Quando Carla pronunciava queste parole, c'erano soltanto tre top-100 a giocare il rovescio a una mano: oltre a lei, la tedesca Tatjana Maria e la russa Margarita Gasparyan. Oggi resiste la Maria, ed è tornata tra le top-100 Viktorjia Golubic.
Ma l'orizzonte del colpo non è così roseo, anche perché le giovani non hanno più modelli a cui ispirarsi. E la precocità con cui si inizia a giocare consiglia i maestri a impostare il rovescio bimane, più adatto – in tenera età – a sorreggere il peso della racchetta.
Per fortuna c'è Youtube, con la possibilità di osservare il colpo straordinario di Carla. E c'è la speranza che qualcuno provi a imitarlo, tramandandolo ancora per qualche anno. “Il tennis mi ha dato più di quanto potessi immaginare – ricorda Carla – non avrei mai pensato di giocare da professionista per 12 anni.
Adesso ho altre priorità, il tennis richiede tanti sacrifici, un impegno mentale di 24 ore al giorno. Tuttavia, affronterò il mio ultimo anno con la dovuta professionalità. Forse avrei potuto vincere uno Slam: giochiamo tutte per quello e per diventare numero 1, ma non credevo di ottenere quello che poi è arrivato”.

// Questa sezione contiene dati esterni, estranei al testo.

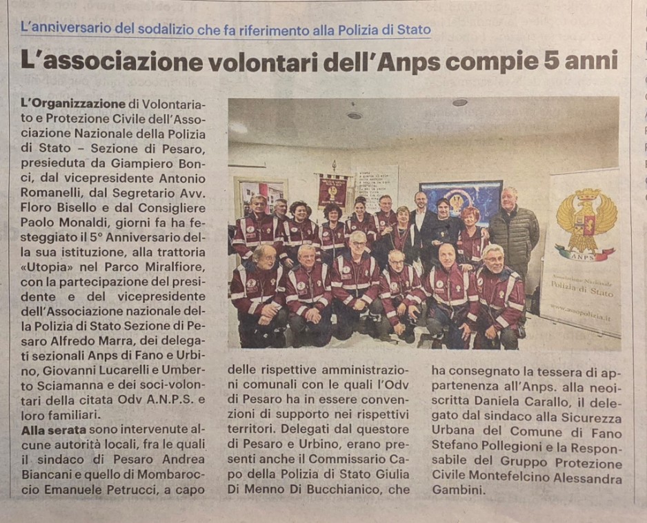 oggi svolta “In questo primo quinquennio, oltre ad essere cresciuti numericamente con gli attuali 24 volontari, abbiamo svolto attività di Protezione Civile, valorizzazione del patrimonio storico e artistico, promozione della cultura della legalità, dell’educazione civica, dell’istruzione e della formazione professionale, collaborando in convenzione con i Comuni di Pesaro e Mombaroccio ed altri di questa Provincia. A breve inizierà anche una collaborazione con il Comune di Fano. L’O.d.V. fonda la propria azione sulla operosità dei propri soci, provenienti sia dalle Forze di Polizia, nonché dalla vita Civile che condividono gli ideali e i valori della Polizia di Stato e dell’A.N.P.S. stessa, con l’univoco intento di svolgere con orgoglio attività in favore della comunità e del bene comune, mettendo a disposizione il proprio

Tra i suoi sogni c'è anche quello di mettere su famiglia e dedicarsi agli affetti. “Vorrei diventare madre – diceva l'anno scorso – e a quel punto penserò a quello, di sicuro non sarò tra le madri che tornano a giocare”.
C'è da crederle. E forse sì, è giusto che venga ricordata più per il suo rovescio che per un singolo exploit. Certe cose non hanno prezzo.